One further argument requires only brief attention. Brooks contends that his appeal within the state system was itself "a properly filed application for State post-conviction or other collateral review"; if the time devoted to the appeal is excluded from the calculation, then Brooks' federal petition is timely. This finds support in United States ex rel. Villazana v. Page, 1999 U.S. Dist. LEXIS 7927 *11-13, 1999 WL 342384 (N.D.Ill. May 5, 1999), but the position is unsound. A notice of appeal is not an "application for . . . collateral review." The "application" is the request (here a petition for a writ of habeas corpus), filed in the court of first instance. Some states permit appellate courts to be courts of first instance for this purpose, and when an application's first stop is an appellate court, time devoted to its consideration is excluded under § 2244(d)(2). But Brooks began in the state's circuit court, not in its appellate court, and his notice of appeal was not a new "application." An appeal marks the continuation of existing litigation, not the initiation of new litigation. This is why, for example, we held in Fernandez that time after a trial court's decision, and before the filing of a timely notice of appeal, is excluded by § 2244(d)(2): there is just one continuous case.

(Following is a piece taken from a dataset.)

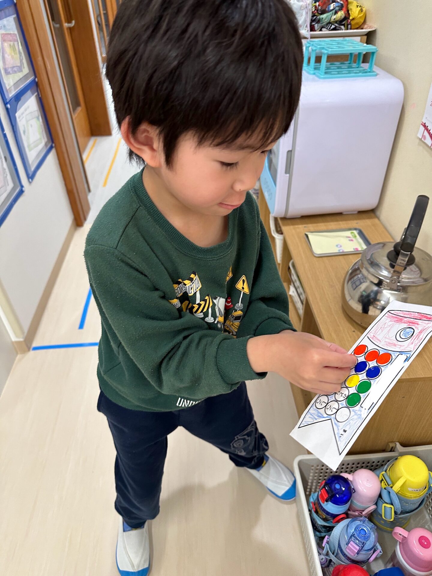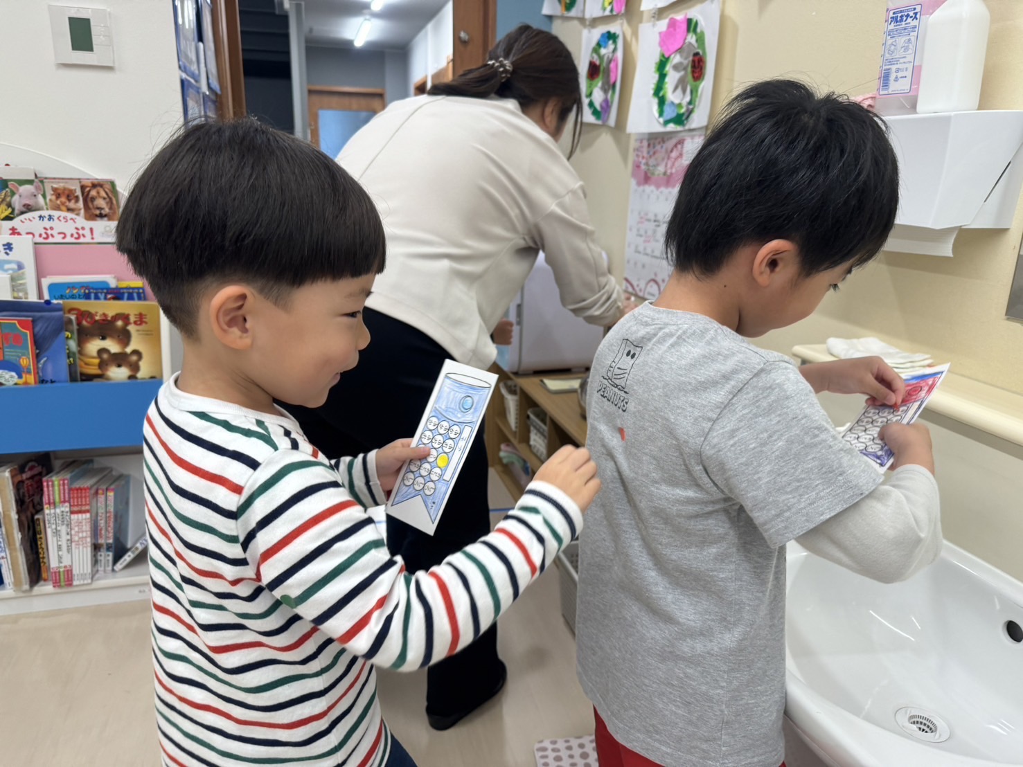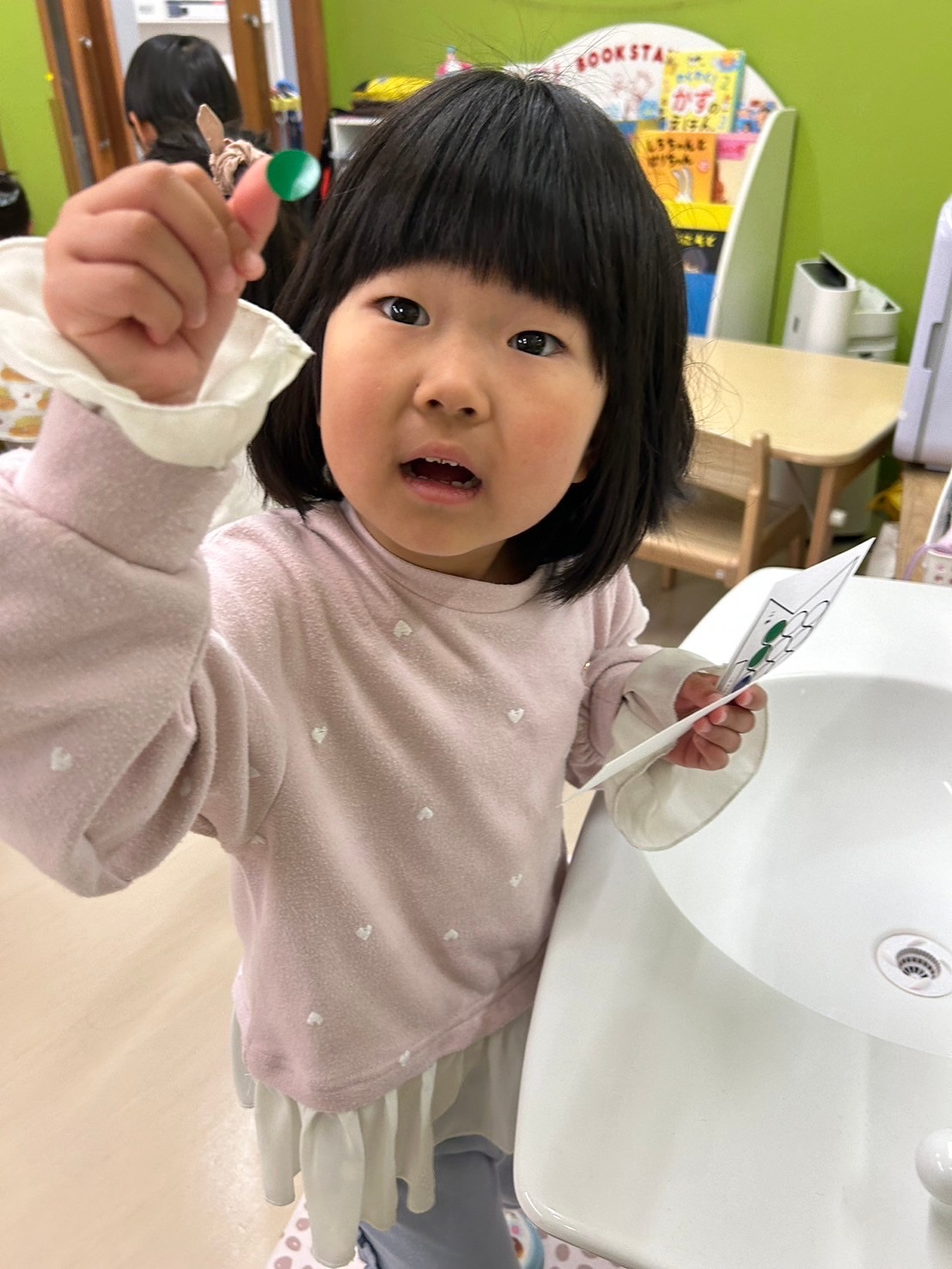 集会の後、3.4.5歳クラスはシール探しをしました!

Treating a notice of appeal as an "application for . . . collateral review" not only would require the time between trial and appellate courts to count against the statutory year (surprising many petitioners who have been anticipating its exclusion) but also would knock out most appeals within the federal system. For a prisoner needs appellate approval to launch a second or successive federal collateral attack. See 28 U.S.C. § 2244(b), § 2255 ¶ 8. If a notice of appeal is itself an "application for . . . collateral review" then any prisoner who fails to obtain relief from the district court needs permission under § 2244(b) or § 2255 ¶ 8 to appeal (because the appeal would be the second federal collateral attack) — and given the limitations of those sections, which are much more restrictive than the certificate of appealability under § 2253(c), that request would be denied almost routinely. Brooks himself could not obtain appellate review of the order dismissing his petition, because he does not meet the requirements for a second or successive collateral attack. So we hold that an appeal is not a new collateral attack, a decision that is much to the benefit of most prisoners seeking collateral review, even though it means that Brooks' federal application is untimely.